For a VecZnx of $L$ limbs, VmpPmathas size $\mathcal{O}(L^2)$ because it stores the gadget vector $\omega = [2^{-K}, 2^{-2K}, \dots, 2^{-LK}]$, with each $\omega[i]$ stored in a column (i.e. a VecZnx) of at least $L$ limbs.
This setup is equivalent to having the digit in RNS be the individual primes $q_{i}$, i.e. with dnum=L and dsize=1.
Although the time complexity of the vector-matrix-product is linear in $L$ in the Base2K representation, it still results quickly in prohibitively large keys when the parameters increase.
For example, with $N=2^{16}$ and $L=30$ size of a single key is in the order of $2^{16} \cdot (30-dnum)/dnum \cdot 30 \cdot 2 \approx 2^{26.7}$ coefficients, which is 0.870GB for FFT64 and 3.48GB for NTT120.
Similar to what is done in RNS, we have the relation $|\omega| = \lceil\textsf{dnum}/\textsf{dsize}\rceil$, thus we can increase dsize to reduce the number of elements in $\omega$. For example with dsize = 4 we have $\omega = [2^{-4K}, 2^{-8K}, \dots, 2^{-LK}]$. This however adds noise proportional to $2^{4K}$ instead of $2^{K}$, so the number of limbs of the VmpPmat needs to be slightly increased (or the homomorphic capacity slightly decreased).
Still this provides a noticeable reduction in the memory footprint of the keys.

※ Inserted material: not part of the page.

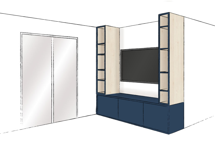 Un meuble télé en U avec des portes sur charnières battantes en partie basse. Décors bleu foncé et pin polaire, chants bleu foncé.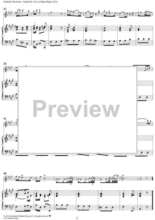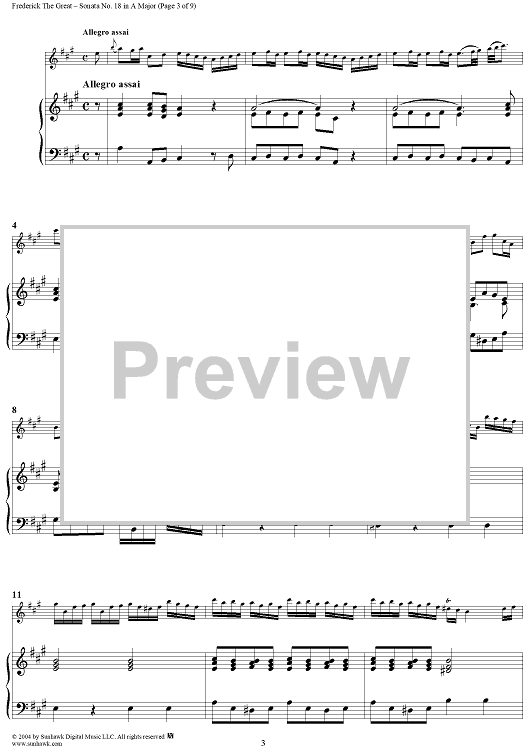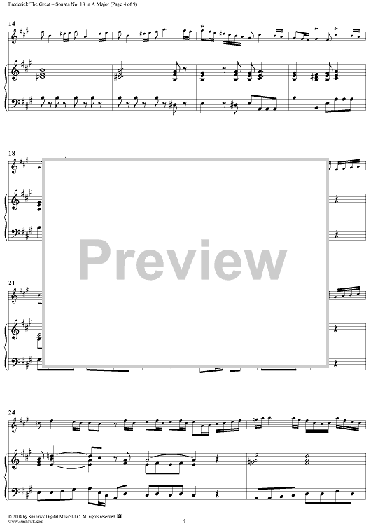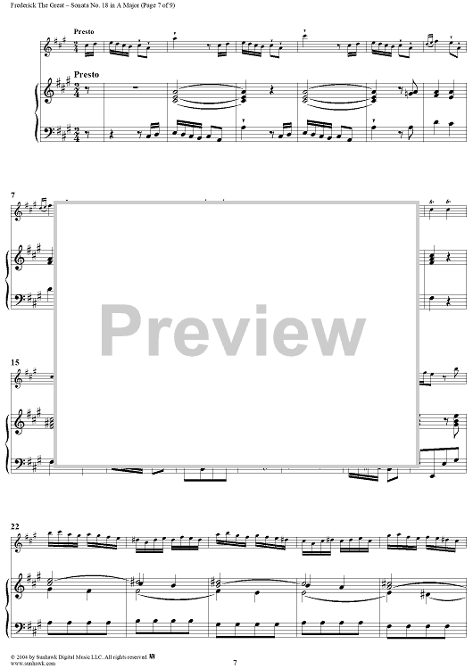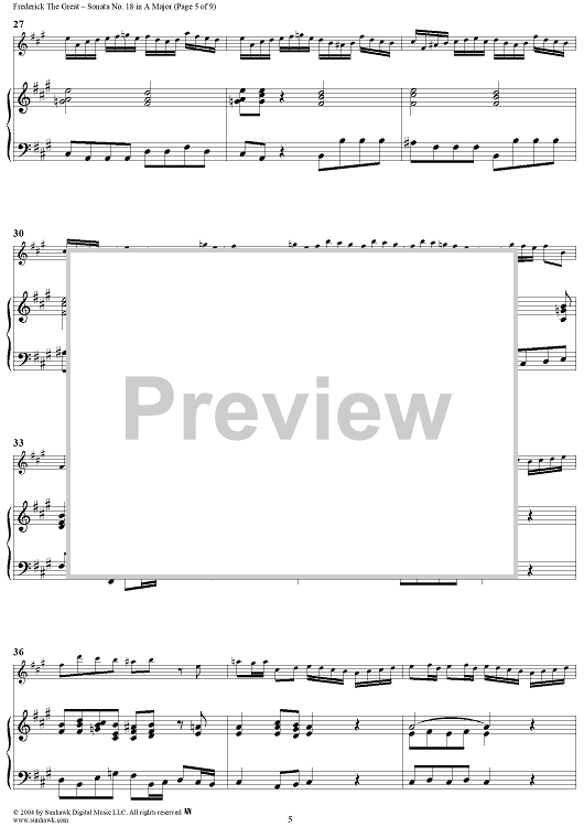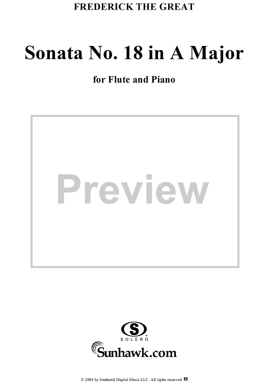 Digital Sheet Music for Sonata No. 18 in A Major - Piano by Frederick II, King of Prussia scored for Flute/Piano; id:303612

For example, with the previous parameters but with dnum=6 the size changes to $2^{16} \cdot (30-dnum)/dnum \cdot 30 \cdot 2 \approx 2^{23.9}$ coefficients, which is 120MB for FFT64 and 480MB for NTT120, in other words a 6 fold decrease in the key size, at the cost of 6 limbs of homomorphic capacity.
The question is how to implement this feature in the library.